### Work order
Set down, word for word, each line from the top of the data through the line that has "Design elegante, de"; omit every picture.

### Data for processing
▽

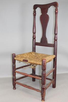 RARE 18TH C CONNECTICUT SHORELINE QUEEN ANNE SIDE CHAIR IN ORIGINAL RED PAINT
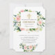 Design elegante, de cor branca, creme, flores cor-de-rosa pinceladas, quadro quadrado de ouro falso, divisor floral, tudo sobre fundo branco; no verso, o mesmo buquê de flores. Use Personalizar este modelo para adicionar suas informações. Para itens correspondentes, visite minha Coleção de Confirmação.
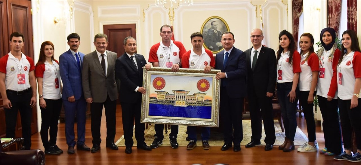 ANKARA (AA) - Adalet Bakanı Bekir Bozdağ'a, "13. Ankara İşyurtları Ürün ve El Sanatları Fuarı"nı düzenleyen heyeti kabulünde, cezaevinde hükümlüler tarafından yapılan Cumhurbaşkanlığı Külliyesi'nin tablosu hediye edildi.
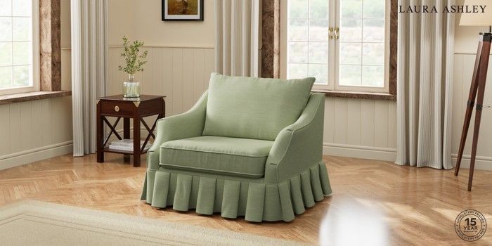 Sit back and relax in style with the elegant Laura Ashley Beverley sofa - featuring a relaxed box pleat at the base to create a beautiful modern country look. From its flared set back sofa arm design to the pillow edged back cushions smart valance to the floor, the Beverley sofa makes an excellent addition to any living space. Foam seat cushions with soft foam toppers offer comfort, support, and ease of maintenance. Pair this with the box pleat footstool to complete the look!
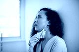 Young nurse or doctor in scrubs leans against wall, overworked stressed
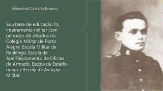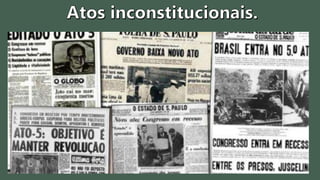 O documento descreve os governos militares de Castello Branco e Costa e Silva no Brasil entre 1964-1969. Durante este período, os militares assumiram o controle do governo após o golpe de 1964 e implementaram medidas repressivas como a censura, a cassação de direitos políticos e o fortalecimento do aparato de segurança do Estado.
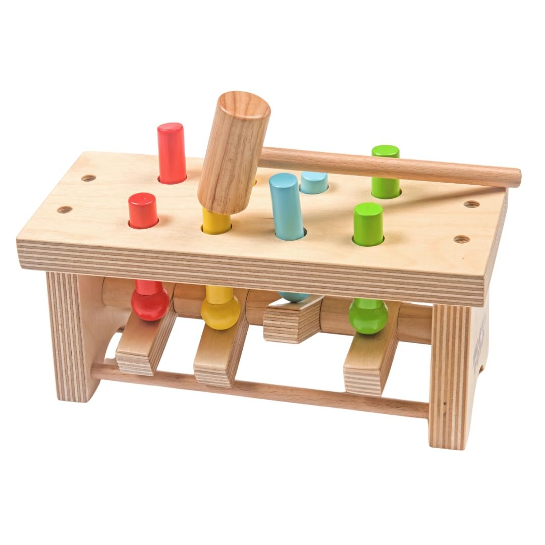 SKILL DEVELOPMENT – Fine Motor Skills, Hand-Eye Coordination, Sensory Development, Cognitive Development. The wooden pounding bench and hammer toy helps babies learn cause and effect as they pound the pegs and watch them pop up!
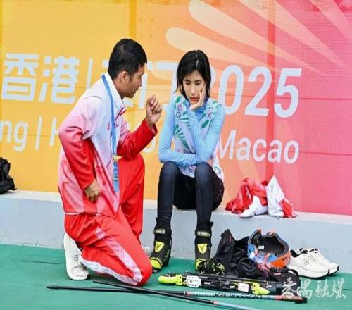 湖北队教练黄选祥望着自己的队员朱钰鑫,并对记者说:“她才12岁,是未来可期的运动员。”据了解,小将朱钰鑫虽然是团队中年龄最小的队员,但是在本次比赛中成绩突出,在智力残疾组女子个人传统技术800米比赛中获得金牌。领队熊昕子表示,这些孩子是湖北在越野滑轮项目中“第一批吃螃蟹”的人,她希望这些孩子带着使命感与责任感站上更高的领奖台。

△

### Response to this exercise
 RARE 18TH C CONNECTICUT SHORELINE QUEEN ANNE SIDE CHAIR IN ORIGINAL RED PAINT
 Design elegante, de cor branca, creme, flores cor-de-rosa pinceladas, quadro quadrado de ouro falso, divisor floral, tudo sobre fundo branco; no verso, o mesmo buquê de flores. Use Personalizar este modelo para adicionar suas informações. Para itens correspondentes, visite minha Coleção de Confirmação.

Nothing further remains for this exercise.